━━ Supplied material ━━

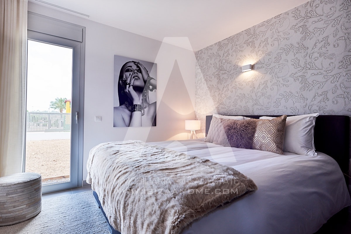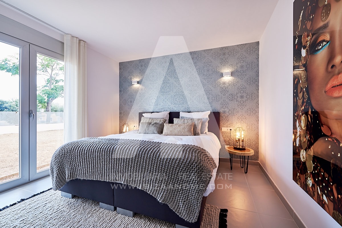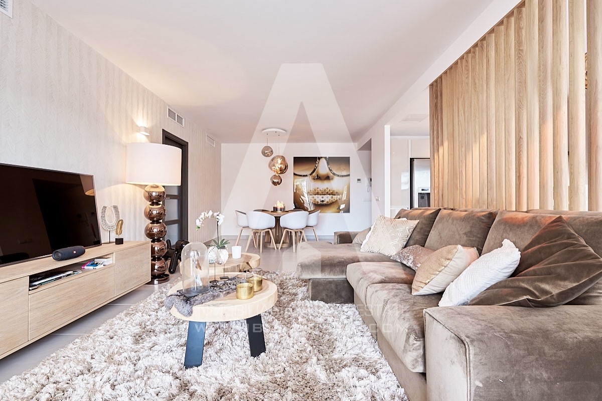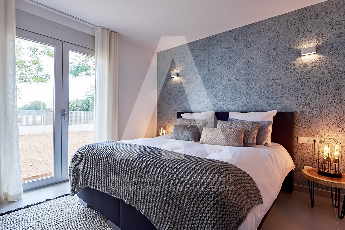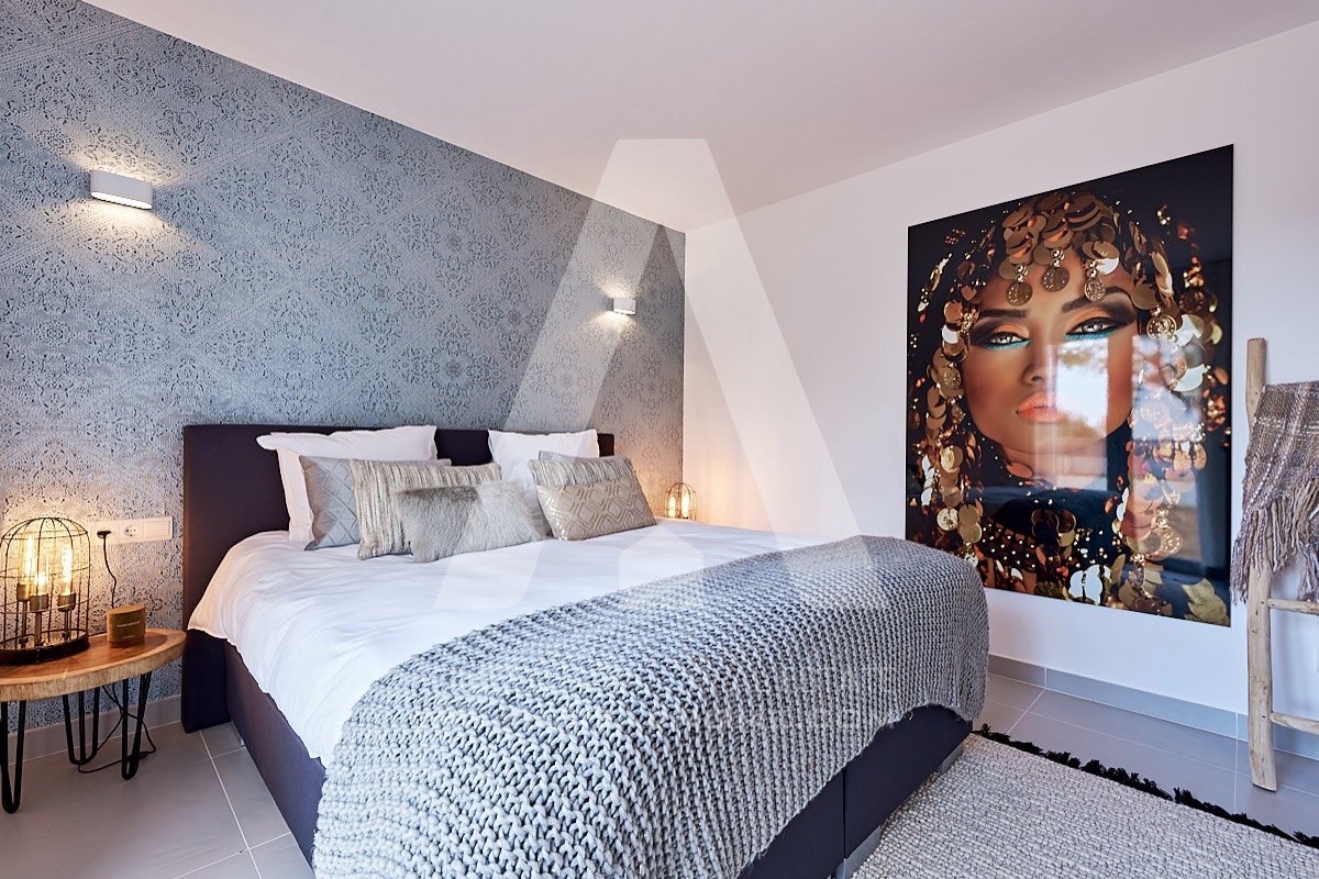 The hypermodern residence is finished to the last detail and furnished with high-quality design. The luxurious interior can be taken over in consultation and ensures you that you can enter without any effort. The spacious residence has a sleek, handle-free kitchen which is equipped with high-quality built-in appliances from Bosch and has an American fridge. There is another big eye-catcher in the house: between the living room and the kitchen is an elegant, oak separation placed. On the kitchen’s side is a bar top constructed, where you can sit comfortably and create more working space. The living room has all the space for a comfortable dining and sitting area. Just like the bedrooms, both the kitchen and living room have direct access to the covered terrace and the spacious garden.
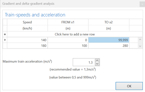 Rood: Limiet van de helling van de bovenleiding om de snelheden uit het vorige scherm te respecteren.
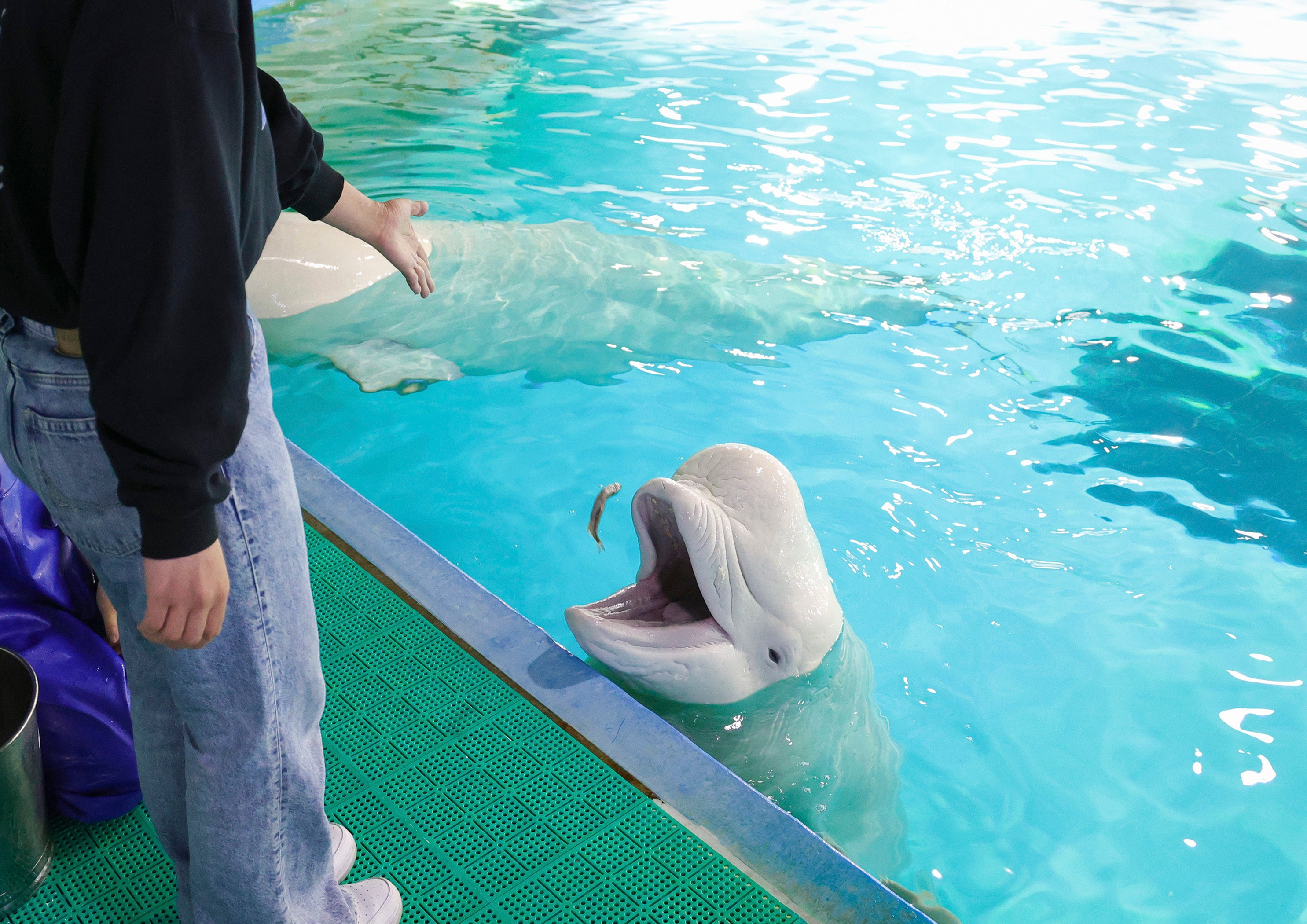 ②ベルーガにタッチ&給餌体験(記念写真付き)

━━━
━━ Supplied material ━━

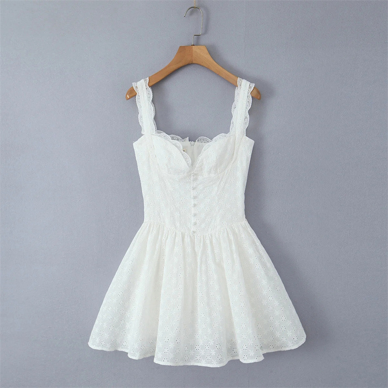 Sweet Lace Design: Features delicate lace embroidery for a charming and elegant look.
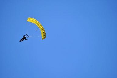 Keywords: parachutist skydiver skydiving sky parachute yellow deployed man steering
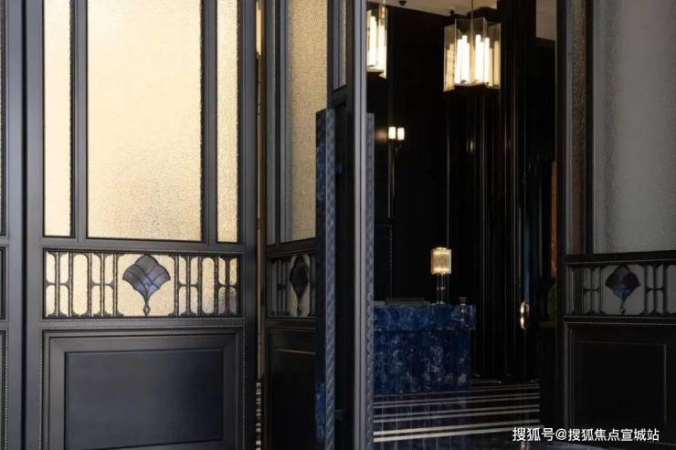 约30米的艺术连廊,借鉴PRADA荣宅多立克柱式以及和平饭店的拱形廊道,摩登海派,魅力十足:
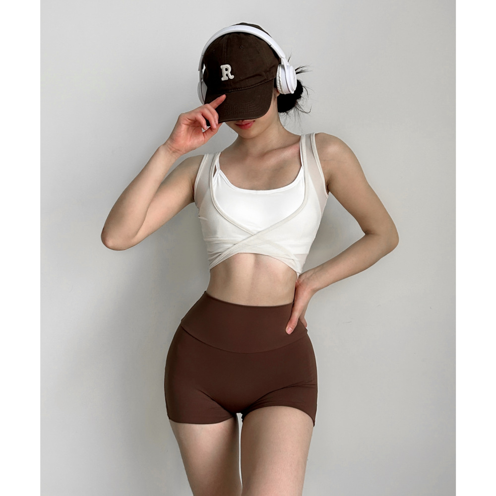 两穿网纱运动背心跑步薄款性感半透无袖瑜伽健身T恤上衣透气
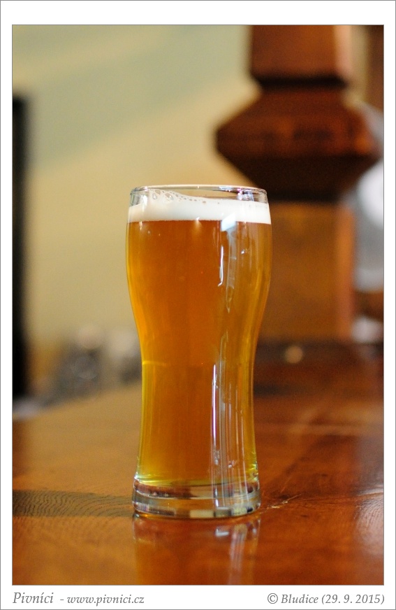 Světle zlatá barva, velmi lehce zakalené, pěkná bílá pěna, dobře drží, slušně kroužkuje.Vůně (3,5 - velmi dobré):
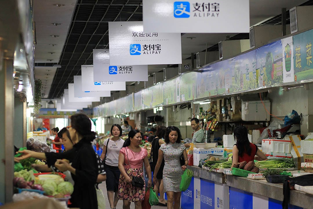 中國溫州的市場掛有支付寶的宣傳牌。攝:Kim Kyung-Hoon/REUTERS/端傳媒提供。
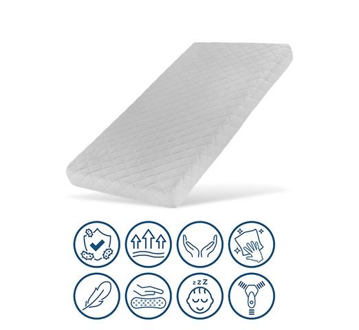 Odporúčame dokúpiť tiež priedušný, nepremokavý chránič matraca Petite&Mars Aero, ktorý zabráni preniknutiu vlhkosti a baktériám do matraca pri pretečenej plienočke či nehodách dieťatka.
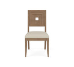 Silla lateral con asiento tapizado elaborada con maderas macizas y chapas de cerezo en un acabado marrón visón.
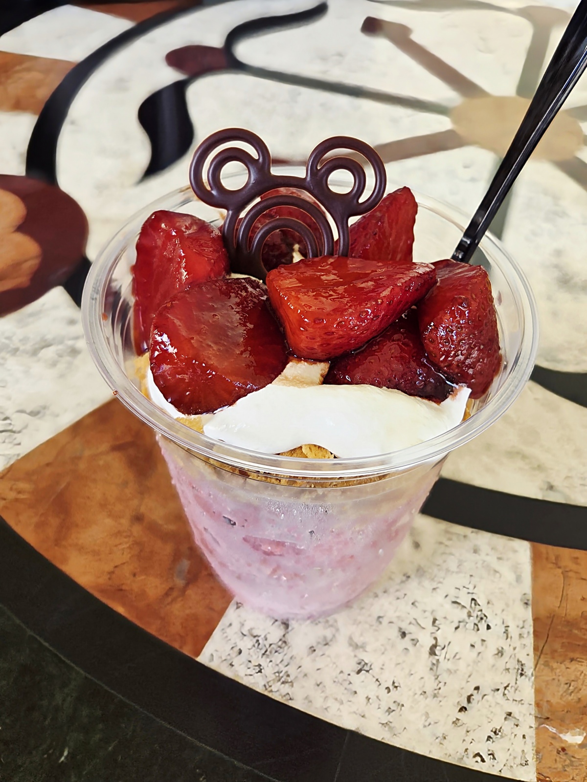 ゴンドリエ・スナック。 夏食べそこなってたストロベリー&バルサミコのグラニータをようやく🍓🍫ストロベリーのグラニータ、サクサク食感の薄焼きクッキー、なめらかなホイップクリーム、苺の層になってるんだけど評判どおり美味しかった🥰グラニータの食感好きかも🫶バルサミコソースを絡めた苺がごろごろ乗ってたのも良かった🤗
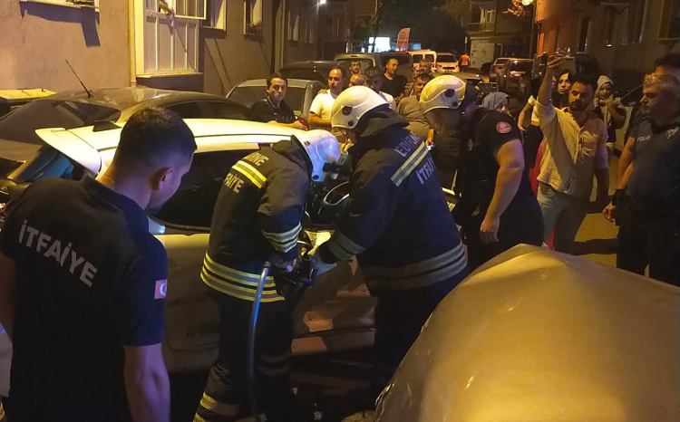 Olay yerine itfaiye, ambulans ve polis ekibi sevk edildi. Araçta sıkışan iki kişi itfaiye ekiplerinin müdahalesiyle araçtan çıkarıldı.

━━━
━━ Supplied material ━━

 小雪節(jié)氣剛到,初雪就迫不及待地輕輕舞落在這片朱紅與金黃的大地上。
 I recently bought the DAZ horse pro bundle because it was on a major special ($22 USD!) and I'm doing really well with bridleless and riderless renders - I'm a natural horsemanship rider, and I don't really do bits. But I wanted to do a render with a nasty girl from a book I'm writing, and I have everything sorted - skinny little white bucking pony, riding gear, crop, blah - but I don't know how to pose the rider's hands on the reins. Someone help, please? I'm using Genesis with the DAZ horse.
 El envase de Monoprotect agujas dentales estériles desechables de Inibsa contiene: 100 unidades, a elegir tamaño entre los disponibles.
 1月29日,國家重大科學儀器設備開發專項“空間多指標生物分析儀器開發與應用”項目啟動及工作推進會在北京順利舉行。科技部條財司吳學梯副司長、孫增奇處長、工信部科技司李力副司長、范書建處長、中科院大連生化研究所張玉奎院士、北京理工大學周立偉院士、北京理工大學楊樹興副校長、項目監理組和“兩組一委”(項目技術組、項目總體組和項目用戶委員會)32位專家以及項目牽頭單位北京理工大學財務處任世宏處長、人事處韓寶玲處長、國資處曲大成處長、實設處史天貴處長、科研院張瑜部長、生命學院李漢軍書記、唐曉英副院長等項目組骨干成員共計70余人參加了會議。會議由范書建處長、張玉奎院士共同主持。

━━━

_About this task_: Copy out the lines above from the line containing "Silla lateral con" through the line containing "Olay yerine itfaiye, ambulans", exactly, and keep the pictures out.

_Task response_:
 Silla lateral con asiento tapizado elaborada con maderas macizas y chapas de cerezo en un acabado marrón visón.
 ゴンドリエ・スナック。 夏食べそこなってたストロベリー&バルサミコのグラニータをようやく🍓🍫ストロベリーのグラニータ、サクサク食感の薄焼きクッキー、なめらかなホイップクリーム、苺の層になってるんだけど評判どおり美味しかった🥰グラニータの食感好きかも🫶バルサミコソースを絡めた苺がごろごろ乗ってたのも良かった🤗
 Olay yerine itfaiye, ambulans ve polis ekibi sevk edildi. Araçta sıkışan iki kişi itfaiye ekiplerinin müdahalesiyle araçtan çıkarıldı.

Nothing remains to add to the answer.